拡張期高血圧と診断されれば、生活習慣のチェック、高脂血症や糖尿病などのほかの心血管危険因子の合併確認、二次性高血圧の精密検査、高血圧の影響を強く受ける心臓、脳、腎臓、目などの臓器の障害の程度を評価するための検査を行います。
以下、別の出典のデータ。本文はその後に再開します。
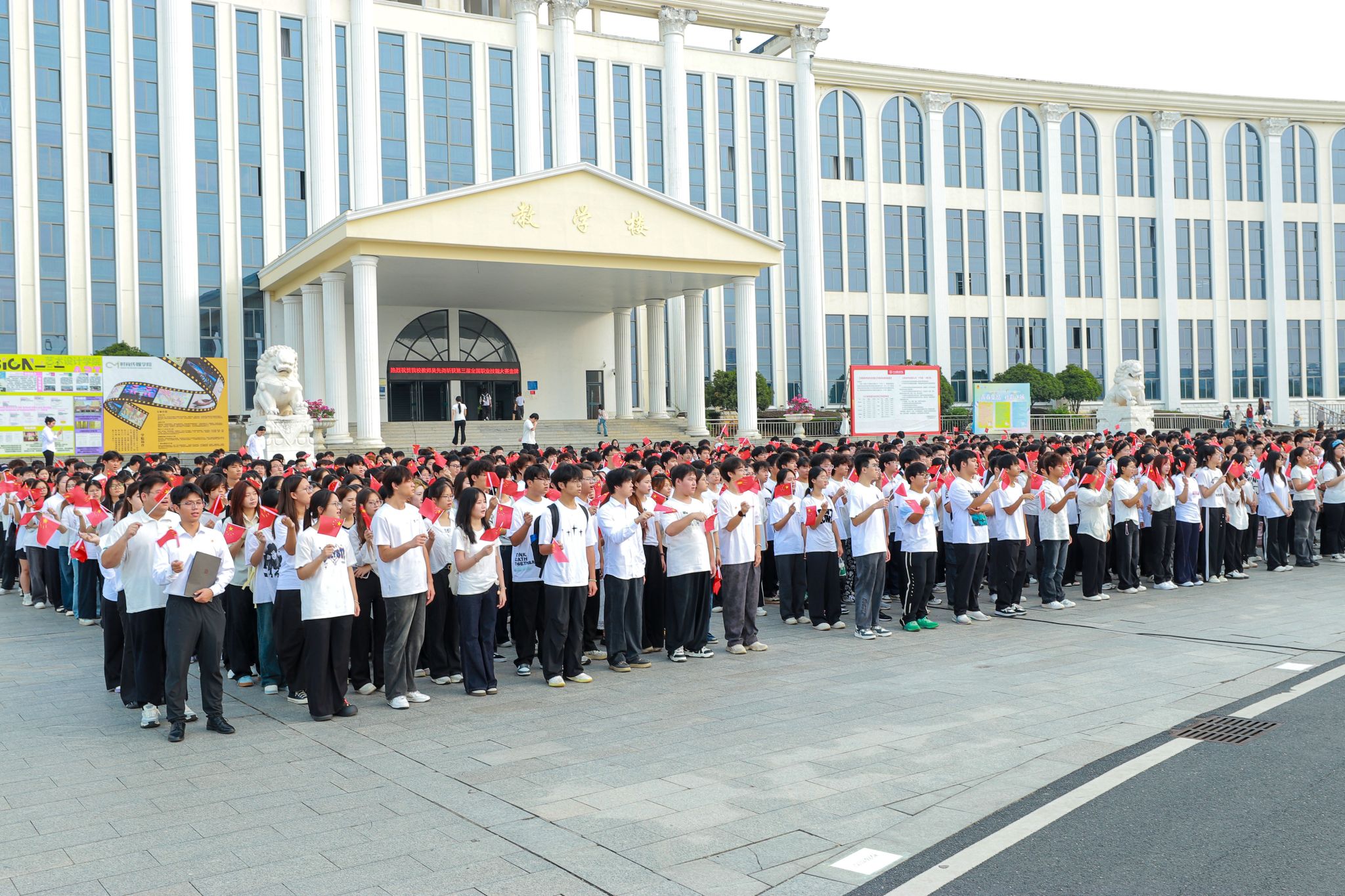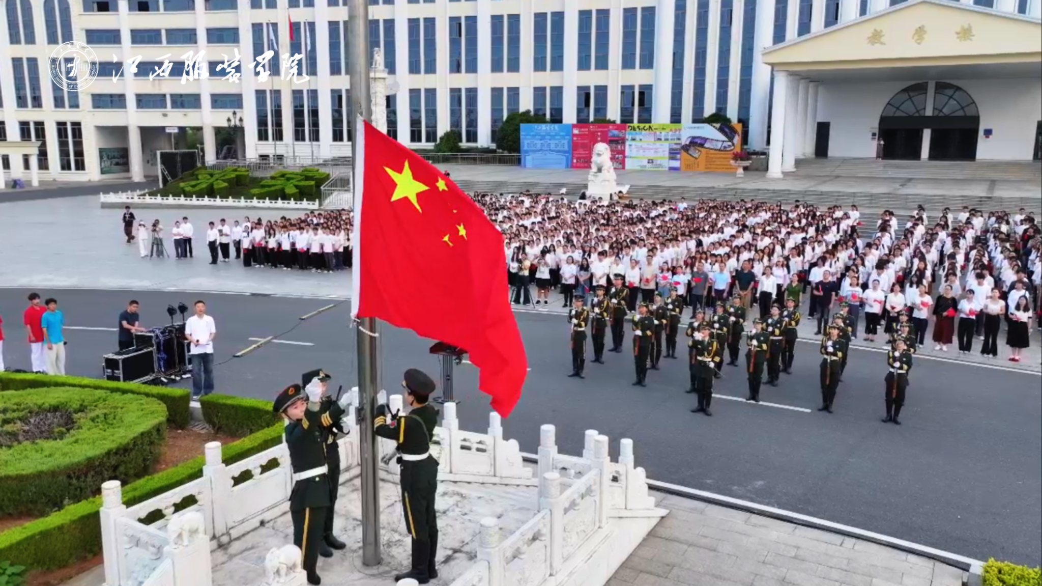 新闻中心讯(文字/万强 图片/钟宏鹏 颜冲)山河焕异彩,盛世启新章。为庆祝中华人民共和国成立76周年,进一步激发全校师生爱国热情,9月30日上午7时,我校在主教学楼前广场举行“礼赞76华诞 青春告白祖国”国旗下的思政课暨2025年秋季入团积极分子培训班开班仪式。校党委书记、督导专员林井萍,党委副书记唐新强,校团委等职能部门负责人,各学院党委书记(副)出席活动,校团委专职团干、各学院分团委(副)书记,第十六期入团积极分子培训班全体学员、校院两级主要学生干部及各学院师生代表共2000余人参加仪式,仪式由校团委指导老师张震主持。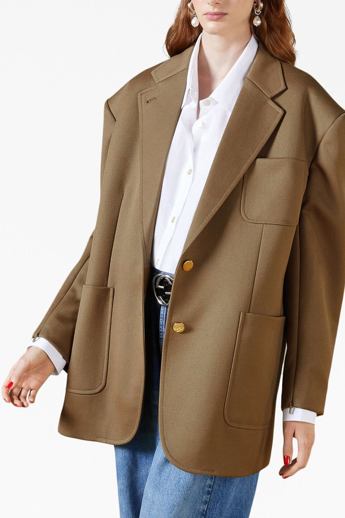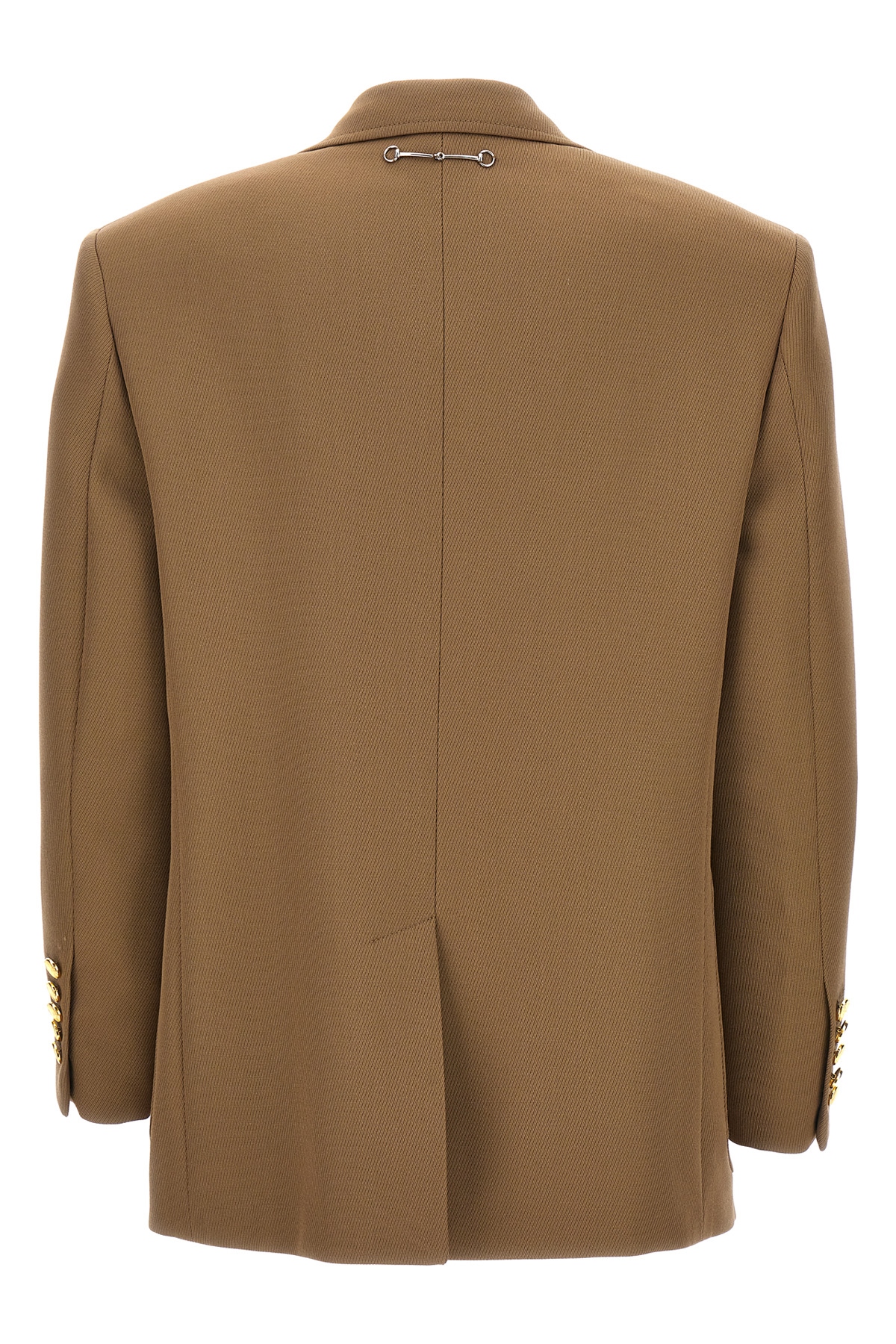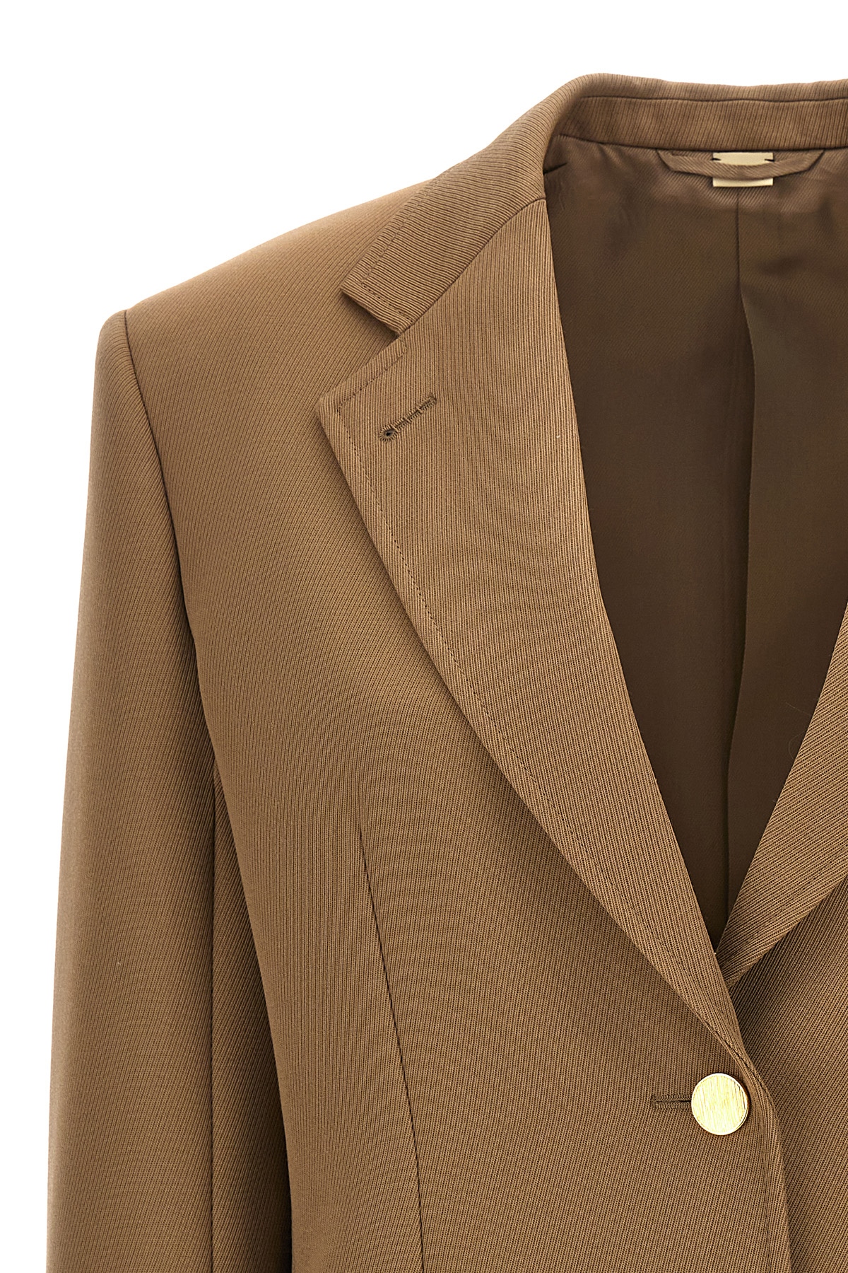 Wool single-breasted blazer with button closure, buttons on the sleeve and invisible zip, front pockets, clamp detail on the back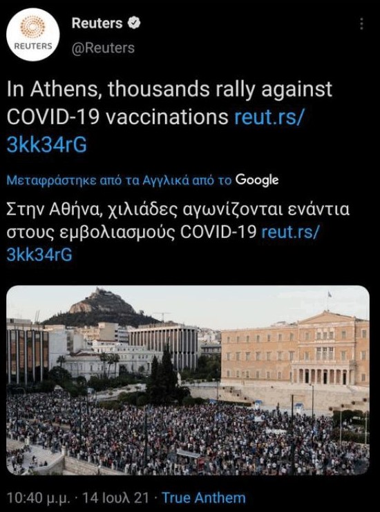 Το Reuters πάντως γράφει για «χιλιάδες». Τι λέτε να συμβαίνει; Μήπως οι ημέτεροι (αλήτες-ρουφιάνοι) δημοσιογράφοι είναι… ανοιχτομάτηδες, ενώ οι… κουτόφραγκοι δεν ξέρουν να μετράνε; Ή μήπως πρέπει η χούντα Μητσοτάκη να στήσει επειγόντως μια «λίστα Πέτσα» και για τα ΜΜΕ του… εξωτερικού, για να μην εκτίθεται;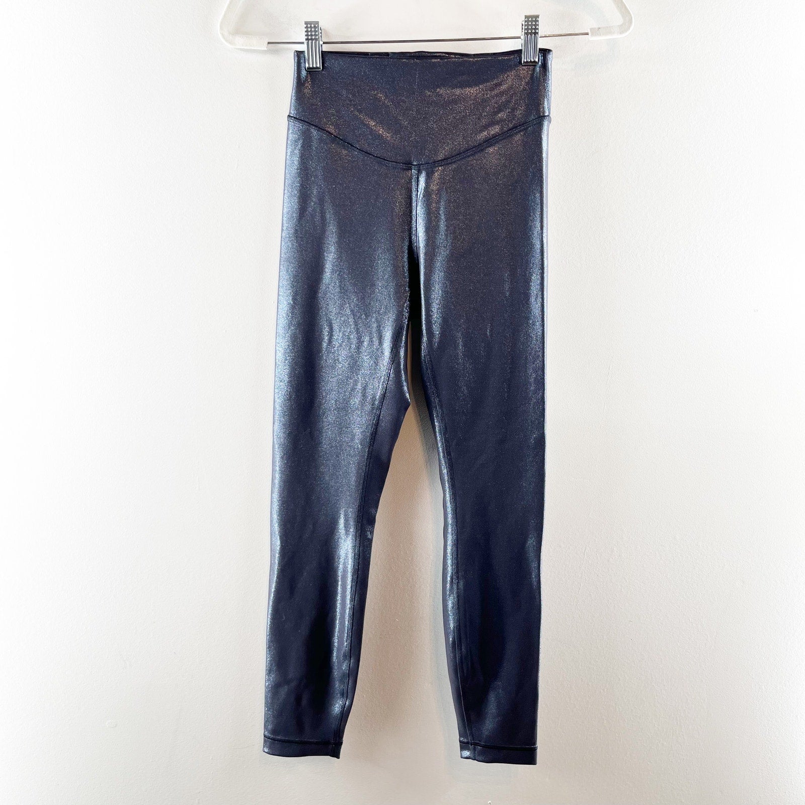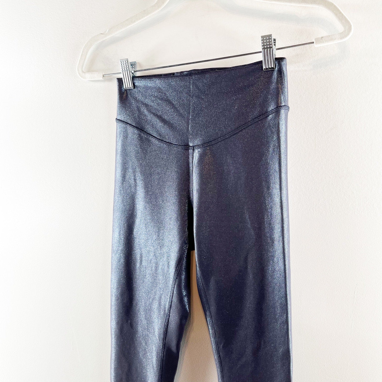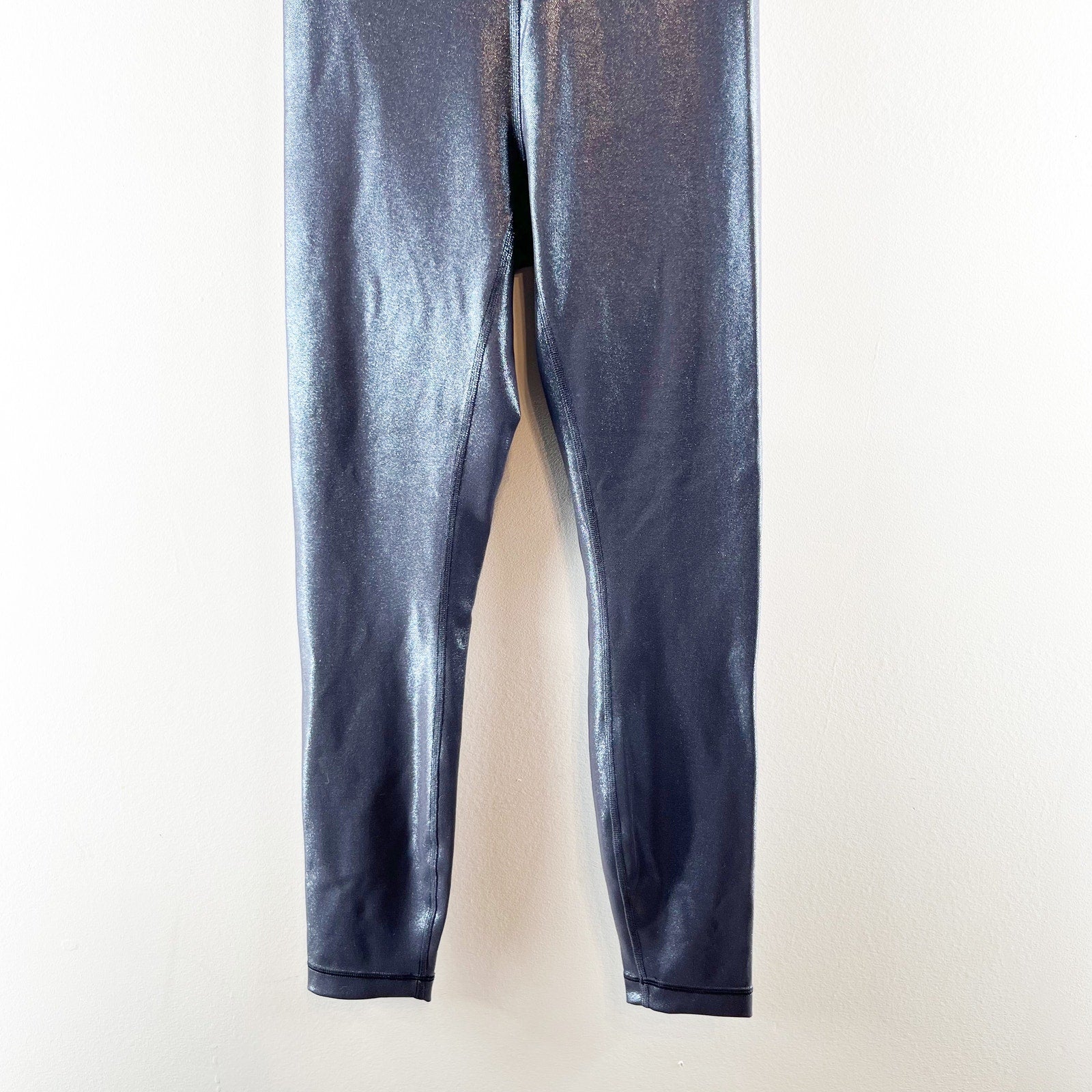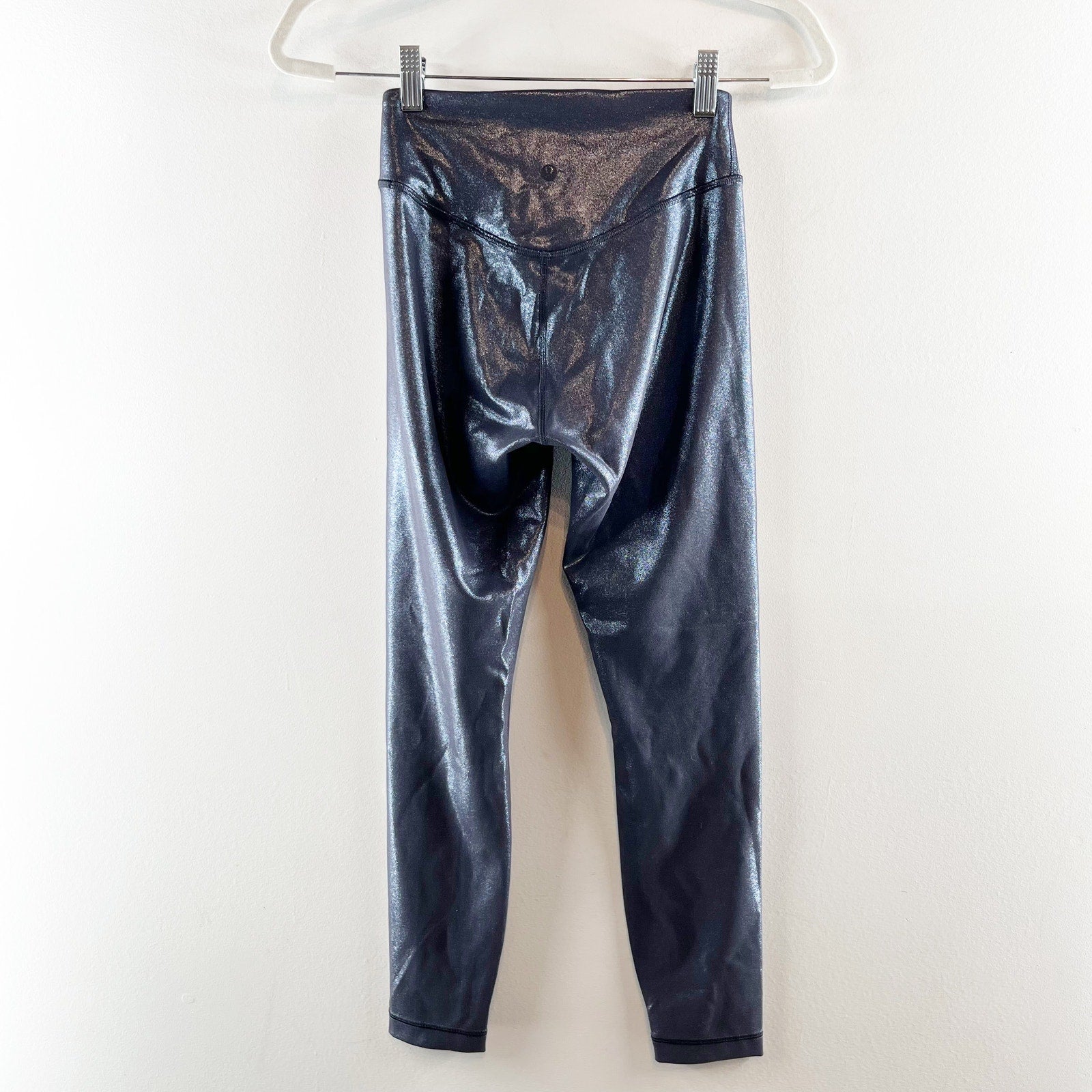 High rise, high waisted, purple, foil, shiny, yoga, ankle, workout, running, smoothing, stretch, compression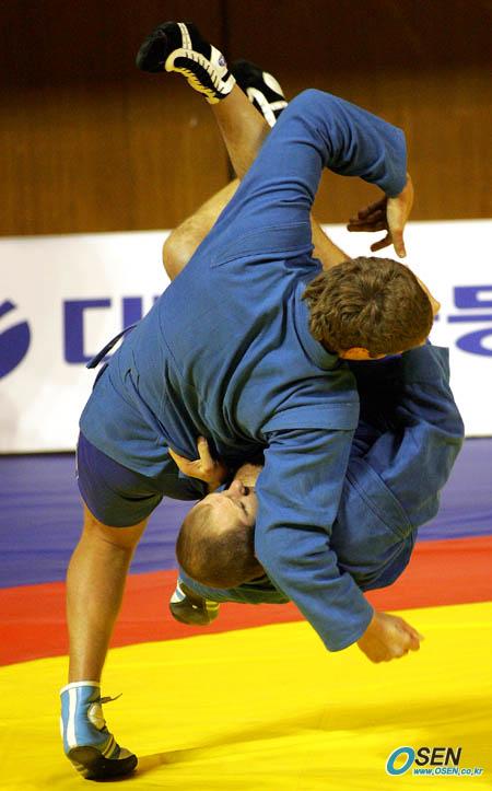 21일 서울 올림픽공원 역도경기장에서 열린 '2006 삼보 페스티벌'에 특별 초청된 세계 종합격투기의 최강자 표도르 에밀리아넨코와 동생 알렉산더가 시범경기를 벌였다. 알렉산더(왼쪽)가 표도르를 들어 넘기고 있다./올림픽공원=주지영 기자 jj0jj0@osen.co.kr [Copyright ⓒ 한국 최고의 스포츠 전문 미디어 OSEN(www.osen.co.kr) 무단전재 및 재배포 금지]

内科や循環器科の医師による治療では、生活習慣改善と薬物療法の2本立てとなります。まず薬に頼らない生活習慣の改善が重要で、これだけで治療効果の上がらない場合に初めて、血圧を下げる降圧薬を使います。

生活習慣改善では、(1)食塩摂取の制限や適性体重の維持など食事療法、(2)ストレスの軽減や適度の運動など日常生活の改善、(3)禁煙や深酒の禁止など、嗜好(しこう)品の摂取の改善などを行います。

以上の療法を1カ月以上行ってもなお血圧値が高い場合に、降圧薬を処方します。高い血圧を下げるための降圧薬の進歩は目覚ましく、今日ではいろいろの種類のものが用いられ、血圧のコントロールは多くの場合、可能となっています。

しかし、降圧薬を内服しているからといって、生活習慣改善を軽んじることはできません。高血圧症治療はあくまでも食事療法と日常生活の改善などが中心であり、その効果を高めるために行われるのが薬物療法です。